3. You might not like the record of “western” superpowers, but you would probably admit that they’ve made a better fist of Afghanistan than the Russians did, and that the continued state of Chechnya is an argument against looking to non-Western powers for better consequences. …
Read the rest at Comment is Free, including many who argue that I set the wrong rule. I said that just getting the hell out of there is not the answer.
Here at Buzzmachine, there were more comments, some with venom, which I wish wouldn’t happen but I’m not so unrealistic as to assume that’s possible. But Andrew Tyndall has a wise response:
Imagine militias escalating current death squad activity into all-out sectarian warfare.
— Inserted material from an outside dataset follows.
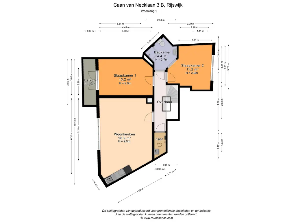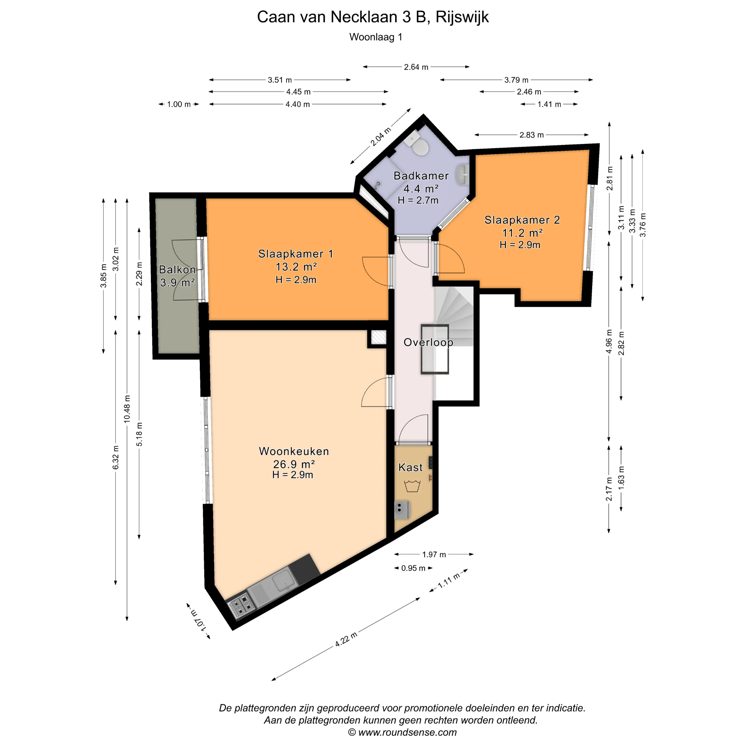 Bovenstaande informatie is door ons met de hoogst nodige zorgvuldigheid samengesteld. Door ons wordt echter geen enkele aansprakelijkheid aanvaard voor enige onvolledigheid, onjuistheid of anderszins, dan wel de gevolgen daarvan. Alle opgegeven maten en oppervlakten zijn indicatief. De woning is gemeten met gebruikmaking van de Meetinstructie, die is gebaseerd op de normen zoals vastgelegd in NEN 2580. De Meetinstructie is bedoeld om een meer eenduidige manier van meten toe te passen voor het geven van een indicatie van gebruiksoppervlakte. De Meetinstructie sluit verschillen in meetuitkomsten niet volledig uit, door bijvoorbeeld interpretatieverschillen, afrondingen of beperkingen bij het uitvoeren van de meting. Hoewel wij de woning zorgvuldig hebben opgemeten, wordt noch door ons kantoor, noch door de verkoper enige aansprakelijkheid aanvaard voor afwijkingen in de opgegeven maten. Koper wordt in de gelegenheid gesteld om de opgegeven maten te (laten) controleren.

Image if the Shiite militias of the Interior Ministry start fighting one another on faultlines such as maximal-vs-regional power, or various degrees of clerical control.
If those dangers are realistic, then the current US policy of arming and training local army and police forces is a recipe for disaster. All that does is make all potential sides in such civil conflict even more skilled at killing.
Yet that policy — arming and training — is announced as the essential pre-requisite for withdrawal….
If the cause of the violence in Iraq is resistance against foreign occupation, then the principled thing is for the occupier to leave.
If the cause is sectarian vendettas, then the principled thing is for the occupier to step into the middle.
If the cause is terrorist cells seeking to disrupt civil society, then the principled thing is for the occupier to help arm and train the government.
If the cause is warlordism, then the principled thing is for the occupier to help defuse and disarm all factions, including those operating, for the time being, under government colors.
Well this is the horns of a dilemma!
Robert Feinman says:
If you assume, as I do, that the goals of the invasion were:
1. Establish permanent bases in Iraq to replace those lost in Saudi Arabia
2. Install a client government that will agree to favorable oil deals
3. Intimidate surrounding Arab states
4. Limit China’s ability to purchase mid-east oil
Then future US policy is clear.
1. The permanent bases are almost complete. Murtha’s misunderstood suggestion about withdrawal wasn’t from Iraq, but just to the bases.
2. The client government is still a work in progress.
3. Arab states have become more compliant, especially Syria and Libya
4. China is now making oil deals in much less favorable places because of lack of access to prime oil nations….
There’s much more.
We can’t end the war now. Leaving doesn’t end the war. The solution, whatever it is, is not as simple as a bumpersticker.
The point is, this is what we must be discussing now: future tense over — not instead of — past tense.